Last year the company announced a supply chain review, but only days into the new year it announced the shocking news that it intends to close down the entire site by the end of 2011 with the loss of all jobs. It wishes to outsource chocolate refining for Cadbury, a specialism long performed to a very exacting standard in Moreton, to an unspecified supplier. It plans to invest £7 million in two other sites, Llantarnam in Wales and Edinburgh, as well as consolidating its distribution operations, again to an unspecified place.
We are at the beginning of the statutory 90 days of consultation that must by law precede redundancies. The work force, their representatives and I are determined to use that period in the most constructive way that we can to try to persuade Burton’s Foods to change its mind about this disastrous decision. My first priority is to work with all interested parties to win the battle to save these jobs, which why I am so pleased that the Minister of State, Department for Business, Innovation and Skills, the hon. Member for Hertford and Stortford (Mr Prisk), is here to answer the debate tonight.
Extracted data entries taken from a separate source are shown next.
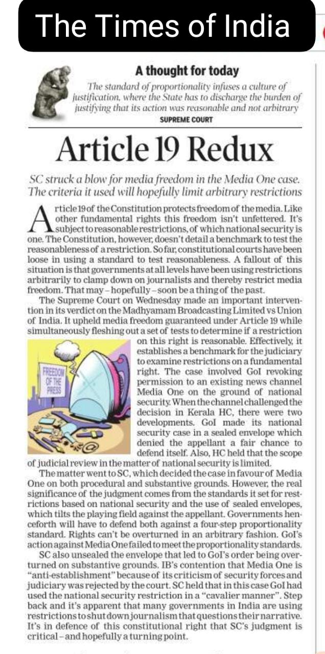 മാധ്യമ സ്വാതന്ത്ര്യത്തെ ഉയര്ത്തിപ്പിടിക്കുന്ന വിധി: ടൈംസ് ഓഫ് ഇന്ത്യ
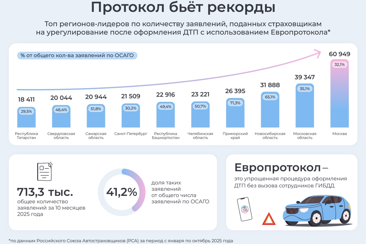 Согласно статистике Российского Союза Автостраховщиков (РСА) за период с января по октябрь 2025 года, в тройку лидеров среди российских регионов по количеству заявлений на возмещение убытков после ДТП, оформленных с использованием Европротокола, вошли Москва (60 949 штук от общего числа заявлений по ОСАГО), Московская область (39 347) и Новосибирская область (31 888).
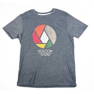 Volcom Top Mens Large Grey Splicer Graphic Tee Modern Fit Shirt Stone 1991 Retro
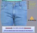Presenting the Stylish Comfort Fit Light Blue Sliky Denim Jeans For Men by Awack. These five pockets jeans are designed as per the latest trends to keep you in sync with high fashion. The Lycra in the fabric just fits this pant perfectly on your legs. These jeans provide you a touch of fashion alongwith the comfort of wearing which always ensures you to be in high esteem.
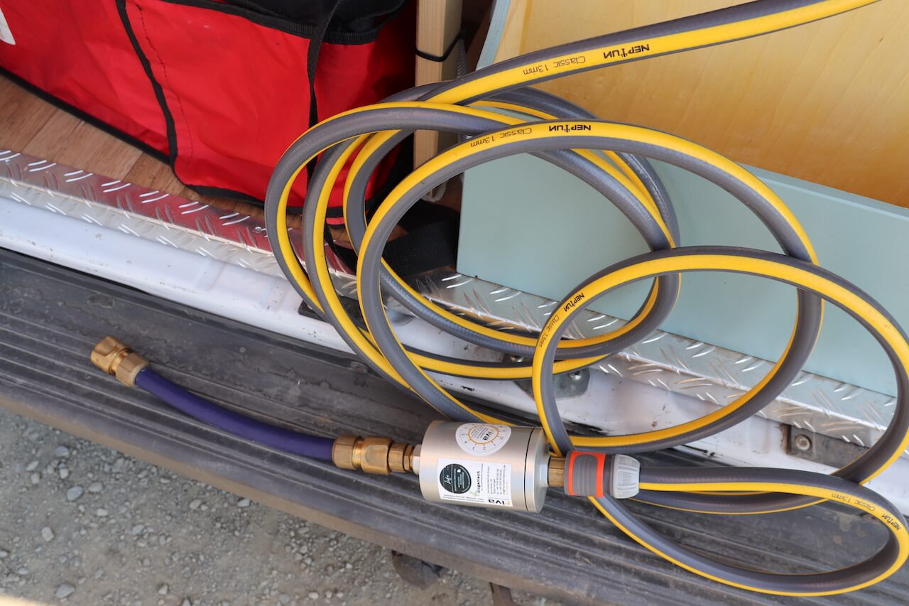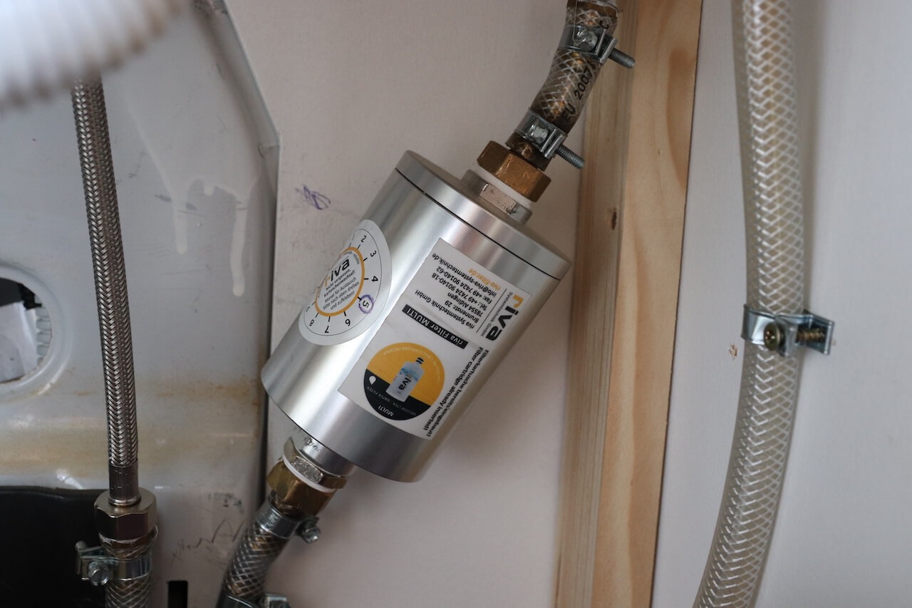 Wir trinken das Wasser aus unserem Van und haben dafür einen Trinkwasserfilter* eingebaut. So können wir überall auf der Welt das Wasser aus unserem Hahn trinken und müssen keine Wasserflaschen kaufen. Das Explorer Overland Set* beinhaltet einen Aktivkohlefilter und einen Legionellen- und Bakterienfilter. Der Aktivkohlefilter filtert unter anderem Schwermetalle, Chlor, Medikamentenrückstände und Mikroorganismen aus dem Wasser. Damit diese gar nicht erst in unserem Frischwassertank* landen, haben wir ihn in unserem Wasserschlauch zum Befüllen des Tanks eingesetzt und das Wasser wird so direkt gefiltert. Der Legionellenfilter filtert Bakterien, Legionellen und Keime aus dem Wasser.
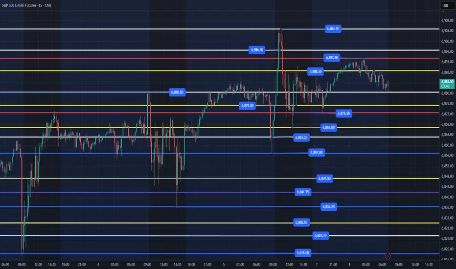 8:45am - UpdatePrice was able to test 6881 and produced a nice bonce into 6893 for a 13pt bounce. Overnight high has been tested 2x now but sold off both times. Price will most likely need to flush below 6881 to run stops and grab liquidity for institutions to take price higher. Ideally, we can flush down to 6868-70 and reclaim 6872 to move higher. I do anticipate if price tests the overnight high again, we should continue higher. Maybe one more dip before it takes it out.
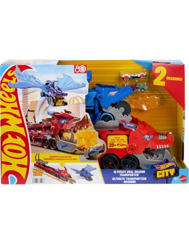 El Dragón transportador con ataque doble definitivo de Hot Wheels ofrece el doble de acción con unos fieros dragones que derribarán y se comerán tus coches, los cuales podrás guardar más tarde en su interior. ¡Muévete o serás derribado por el gigantesco dragón, de cuya boca sale una especie de fuego que derriba los coches y camiones que se interponen en su camino! Libera el segundo dragón para transformar el más grande en una enorme pista de carreras de dos carriles. Haz que el dragón más pequeño salga de caza: ¡la presa son los coches! Pulsa un botón para que bata las alas y se abalance sobre los vehículos desprevenidos. Lanza rodando a la bestia hambrienta hacia ellos y observa cómo los engulle. ¡Vuelve al dragón grande y libera a dos vehículos en el lanzador para que salgan disparados y compitan en la pista doble! El conjunto incluye dos vehículos Hot Wheels metálicos a escala 1:64, y los dragones pueden almacenar más de 20 vehículos. (Los vehículos adicionales se venden por separado). Los niños y niñas pueden fijar la pista de Hot Wheels a la parte delantera del dragón para guiar a los corredores por rutas específicas o lanzarlos libremente.Edad recomendada: + 4 años.
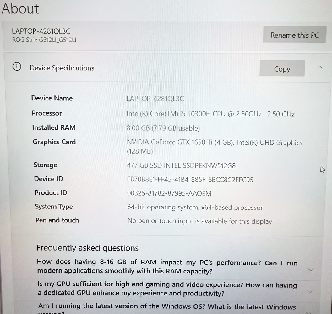 Asus Rog Strix G15 15.6" 512GB - 8GB Ram Gaming Laptop
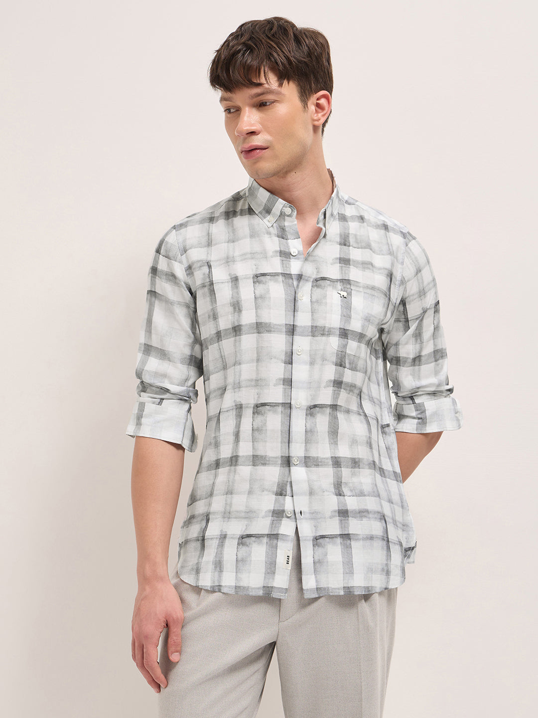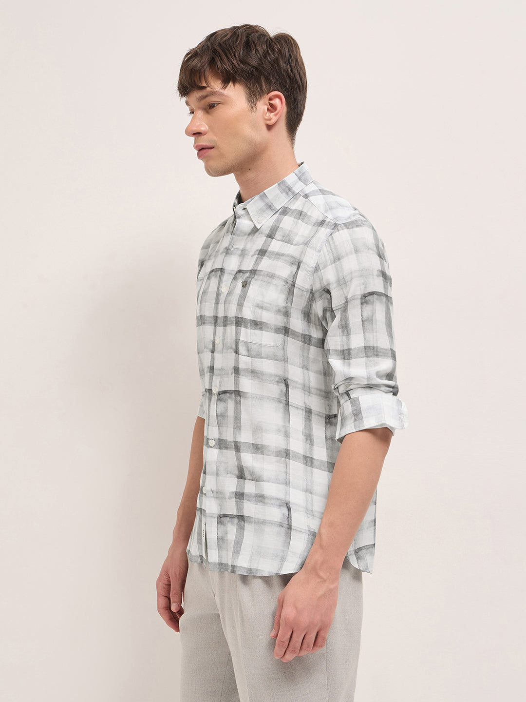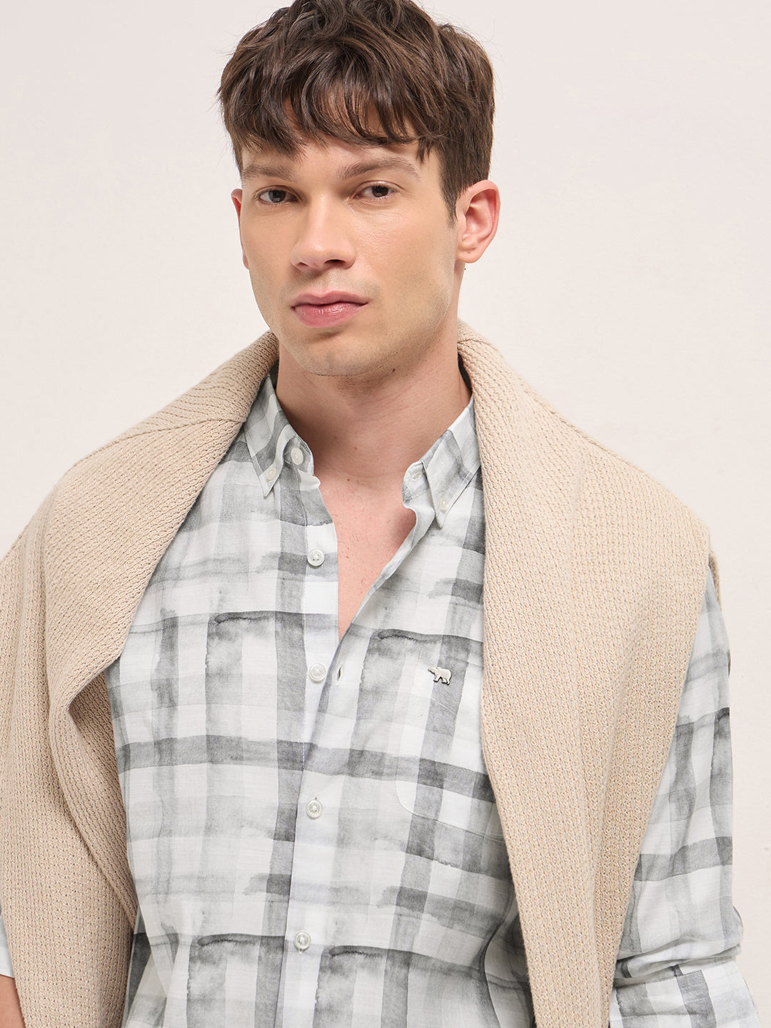 Grey & White Slim Fit Casual Shirt with Printed Checks

I have given him advance notice of the questions with which I hope he can help me, so that we can give the work force the best chance of saving their jobs and avoiding the devastating effects that closure would have on the communities I represent. I shall return to those considerations, but first I want to deal with the developing situation in more detail.
I am grateful to Burton’s Foods for agreeing to make available the information on which it is basing its decision, but unfortunately it has not yet delivered on that commitment. The so-called data room that will house the information was due to be opened by Monday of this week, but the most recent information I have is that it will not be open until Thursday. That means that two weeks of the 90-day consultation period have already been wasted in waiting for the promised information to be provided. There are also serious worries that the quality, accessibility and level of detail of the data will not be good enough to facilitate a testing analysis of the company’s approach to the closure decision. I make this plea to the company: for speed and transparency, please co-operate with us and make available all the information in an easily accessible way. We aim to generate different proposals that offer a viable alternative to the decisions that the company has made in its supply chain review.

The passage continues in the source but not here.